→ **Given data**
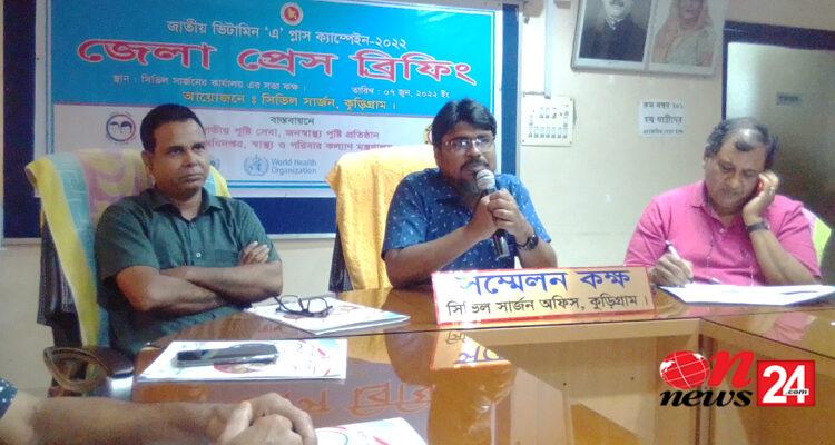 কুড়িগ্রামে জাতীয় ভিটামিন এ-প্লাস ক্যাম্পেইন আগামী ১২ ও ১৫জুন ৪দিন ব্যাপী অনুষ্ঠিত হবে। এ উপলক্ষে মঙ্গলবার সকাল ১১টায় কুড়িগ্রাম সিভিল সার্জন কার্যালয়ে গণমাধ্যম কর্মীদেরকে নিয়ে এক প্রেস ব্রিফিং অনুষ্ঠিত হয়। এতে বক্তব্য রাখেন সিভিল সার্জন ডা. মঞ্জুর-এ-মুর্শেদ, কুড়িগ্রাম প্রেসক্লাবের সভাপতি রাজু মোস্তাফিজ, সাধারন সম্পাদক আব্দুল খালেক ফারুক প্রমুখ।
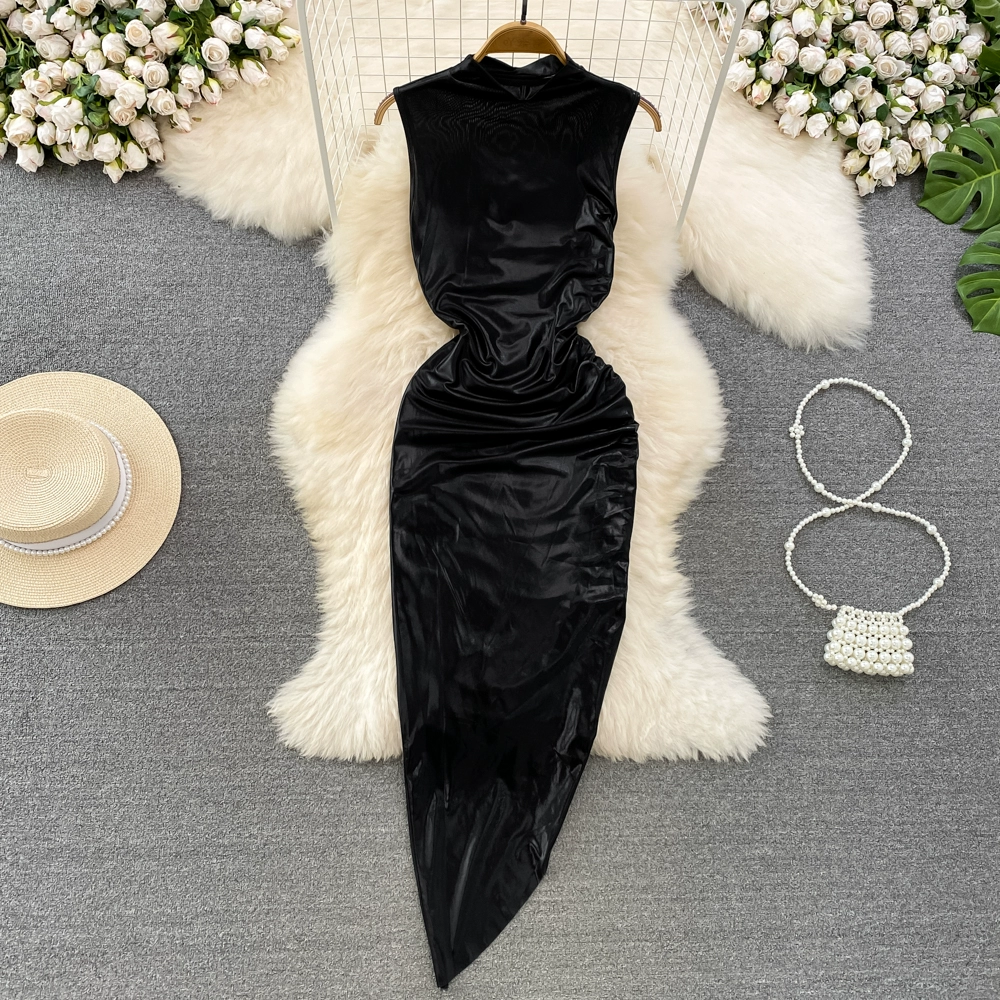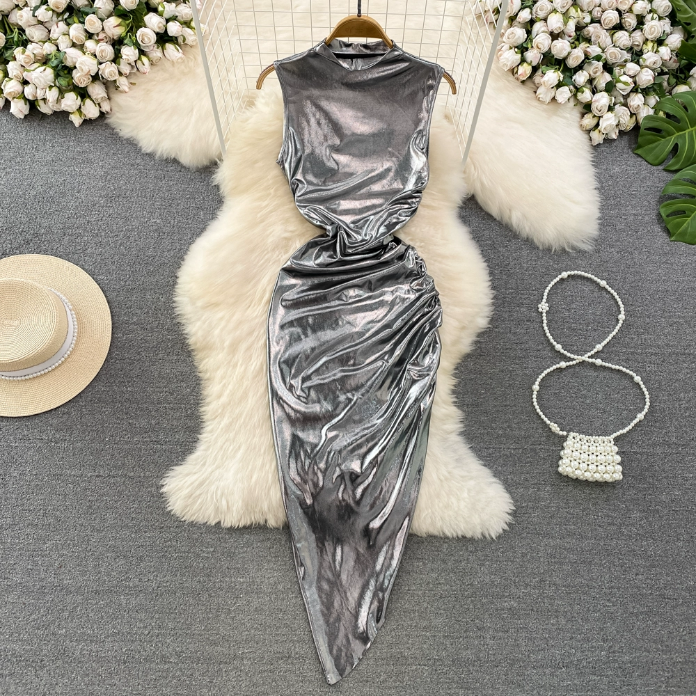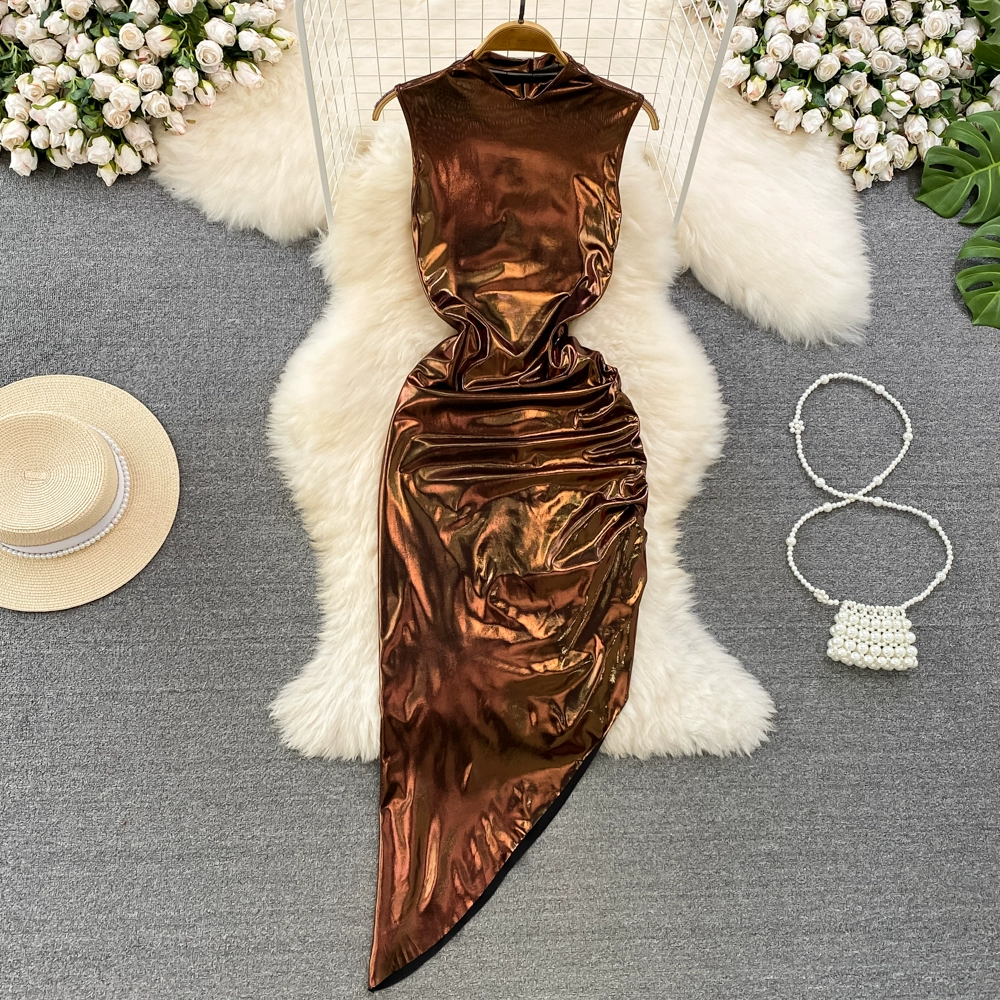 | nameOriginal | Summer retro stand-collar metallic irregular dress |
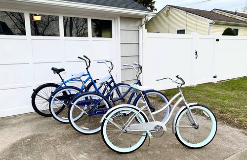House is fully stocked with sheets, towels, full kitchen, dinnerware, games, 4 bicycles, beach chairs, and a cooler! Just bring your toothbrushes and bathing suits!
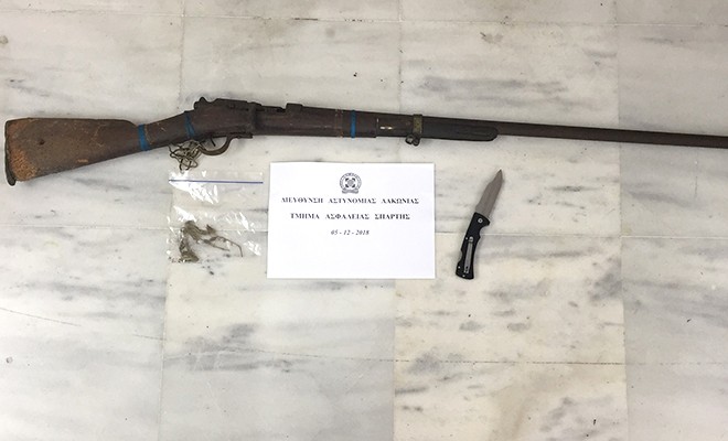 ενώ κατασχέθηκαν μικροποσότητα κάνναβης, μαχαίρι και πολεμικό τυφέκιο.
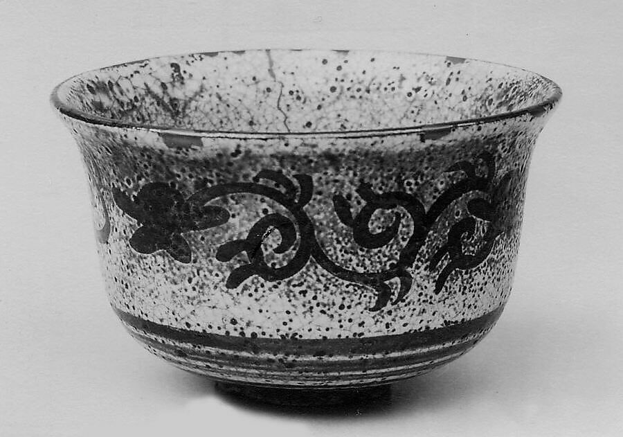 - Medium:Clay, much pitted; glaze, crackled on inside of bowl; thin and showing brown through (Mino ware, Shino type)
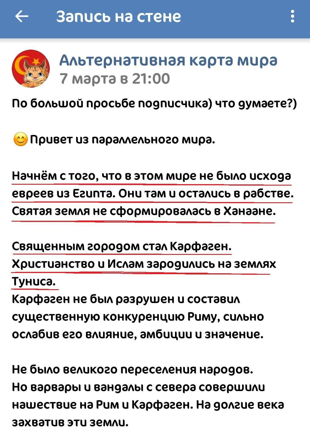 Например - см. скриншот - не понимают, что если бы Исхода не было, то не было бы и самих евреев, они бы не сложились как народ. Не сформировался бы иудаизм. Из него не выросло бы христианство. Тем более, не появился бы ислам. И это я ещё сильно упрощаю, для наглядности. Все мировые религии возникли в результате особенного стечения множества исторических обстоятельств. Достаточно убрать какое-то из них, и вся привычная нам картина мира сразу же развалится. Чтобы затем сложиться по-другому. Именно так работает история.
==
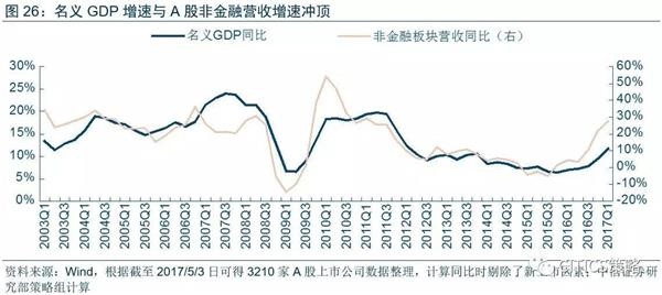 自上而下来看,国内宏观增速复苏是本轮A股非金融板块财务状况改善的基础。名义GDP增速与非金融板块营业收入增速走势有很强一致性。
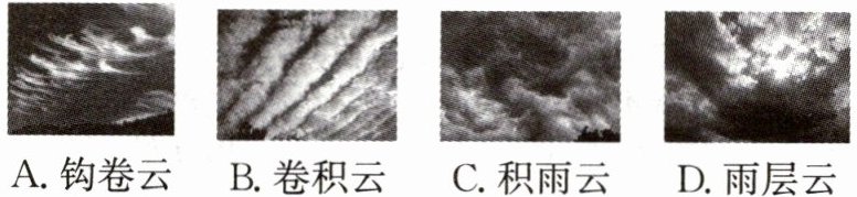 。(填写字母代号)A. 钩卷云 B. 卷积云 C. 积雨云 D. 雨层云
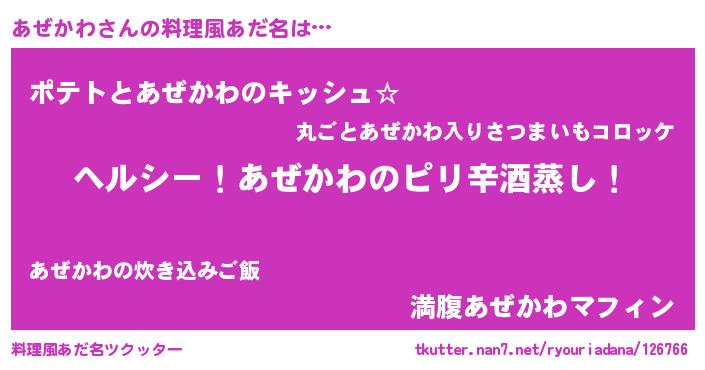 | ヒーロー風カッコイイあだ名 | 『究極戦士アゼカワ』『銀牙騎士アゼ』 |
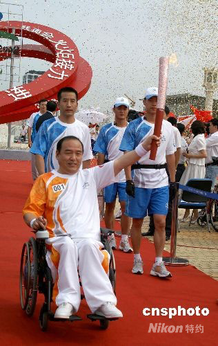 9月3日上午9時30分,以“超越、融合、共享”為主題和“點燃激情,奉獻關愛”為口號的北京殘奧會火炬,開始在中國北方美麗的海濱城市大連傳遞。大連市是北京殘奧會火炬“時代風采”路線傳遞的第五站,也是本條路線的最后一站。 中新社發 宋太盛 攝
* * *
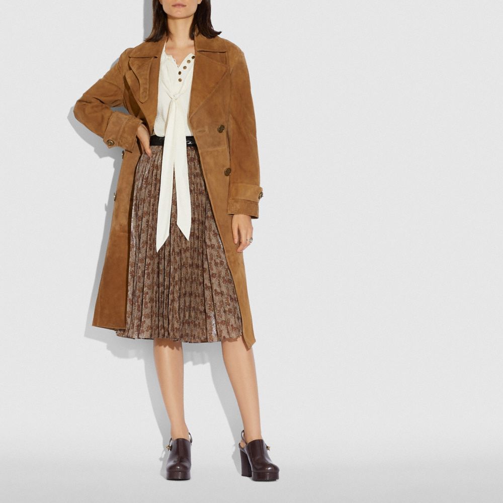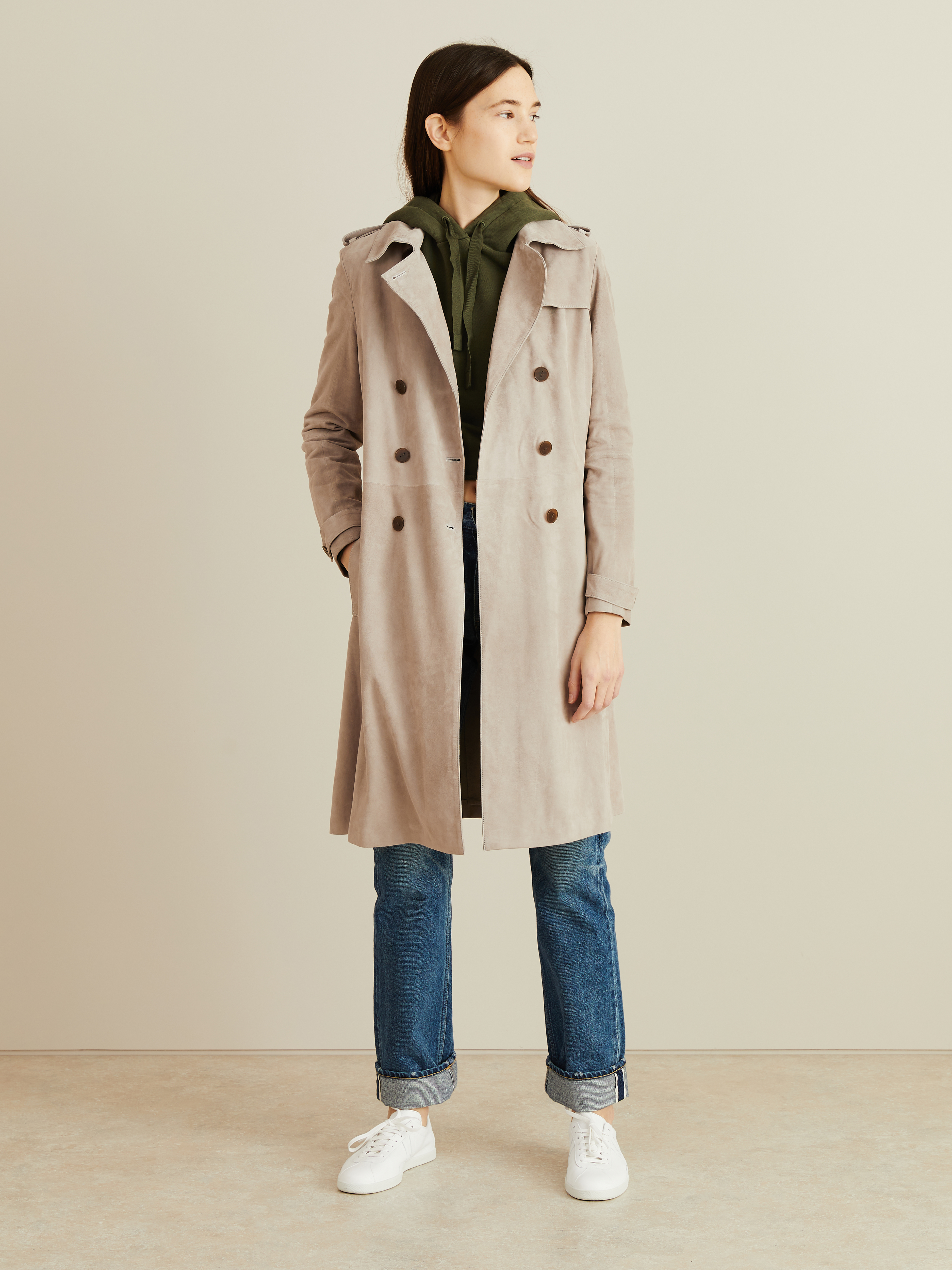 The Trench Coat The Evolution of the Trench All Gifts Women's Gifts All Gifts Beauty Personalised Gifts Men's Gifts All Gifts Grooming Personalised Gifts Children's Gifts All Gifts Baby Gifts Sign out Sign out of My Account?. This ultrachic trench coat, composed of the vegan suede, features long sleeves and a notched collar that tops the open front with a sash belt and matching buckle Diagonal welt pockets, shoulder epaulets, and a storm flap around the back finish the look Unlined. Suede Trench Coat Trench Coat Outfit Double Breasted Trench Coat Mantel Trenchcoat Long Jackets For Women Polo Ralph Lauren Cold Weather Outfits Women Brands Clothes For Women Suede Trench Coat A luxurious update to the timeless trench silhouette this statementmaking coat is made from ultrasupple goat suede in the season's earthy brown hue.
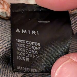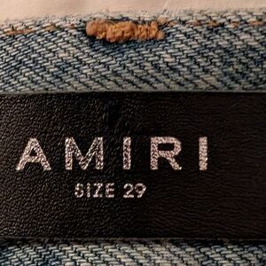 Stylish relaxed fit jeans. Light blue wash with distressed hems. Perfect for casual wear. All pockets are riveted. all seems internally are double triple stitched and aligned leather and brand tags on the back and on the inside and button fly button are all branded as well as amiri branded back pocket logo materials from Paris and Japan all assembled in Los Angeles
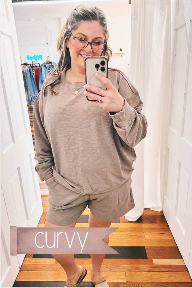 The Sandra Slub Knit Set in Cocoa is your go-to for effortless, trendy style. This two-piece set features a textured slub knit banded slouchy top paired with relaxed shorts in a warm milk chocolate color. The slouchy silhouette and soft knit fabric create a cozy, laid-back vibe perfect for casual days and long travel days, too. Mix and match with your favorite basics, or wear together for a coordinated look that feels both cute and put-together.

→ **Problem to solve**
What lines above run from the one with "ενώ κατασχέθηκαν μικροποσότητα" to the one with "- Medium:Clay, much"? Give them again exactly, ends included, and leave the pictures out.

→ **Result of the task**
 ενώ κατασχέθηκαν μικροποσότητα κάνναβης, μαχαίρι και πολεμικό τυφέκιο.
 - Medium:Clay, much pitted; glaze, crackled on inside of bowl; thin and showing brown through (Mino ware, Shino type)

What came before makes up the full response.